14. A method for combining corneal tissue removal with an intrastromal redistribution of biomechanical stresses to achieve a predetermined refractive correction for an eye, the method comprising the steps of:

ablating selected corneal tissue in the eye;

performing Laser Induced Optical Breakdown (LIOB) on selected stromal tissue in the eye; and

regulating the ablating step with the performing step to balance a near vision requirement with a distant vision requirement during achievement of the predetermined refractive correction of the eye.

15. A method as recited in claim 14 wherein the ablating step is accomplished using an excimer laser and the performing step is accomplished using a pulsed femtosecond laser beam.

16. A method as recited in claim 14 wherein the eye defines a visual axis, and wherein the ablating step, the performing step and the regulating step, in combination, create a multi-focal correction including a first correction centered on the visual axis and extending therefrom to correct near vision of the patient, and a second correction surrounding the first correction with an interface region therebetween, with the second correction extending from the first correction to correct distant vision of the patient.

17. A method as recited in claim 14 wherein the vision defect is presbyopia.

18. A method as recited in claim 14 wherein the ablating step is accomplished before the performing step, with a predetermined time interval therebetween.

19. A method as recited in claim 18 wherein the predetermined time interval is greater than approximately two weeks.
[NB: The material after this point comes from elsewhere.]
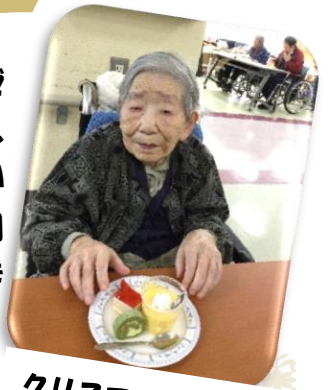
クリスマスケーキ

20. A system for correcting a vision defect of a patient which comprises:

a first laser unit for removing tissue from the cornea of an eye to create a multi-focal refractive correction, wherein the eye defines a visual axis and the multi-focal refractive correction includes a first correction centered on the visual axis and extending therefrom to correct near vision of the patient, and a second correction surrounding the first correction with an interface region therebetween, with the second correction extending from the first correction to correct distant vision of the patient; and

a second laser unit for weakening tissue in the stroma of the eye to balance the first correction with the second correction to optimize the multi-focal correction.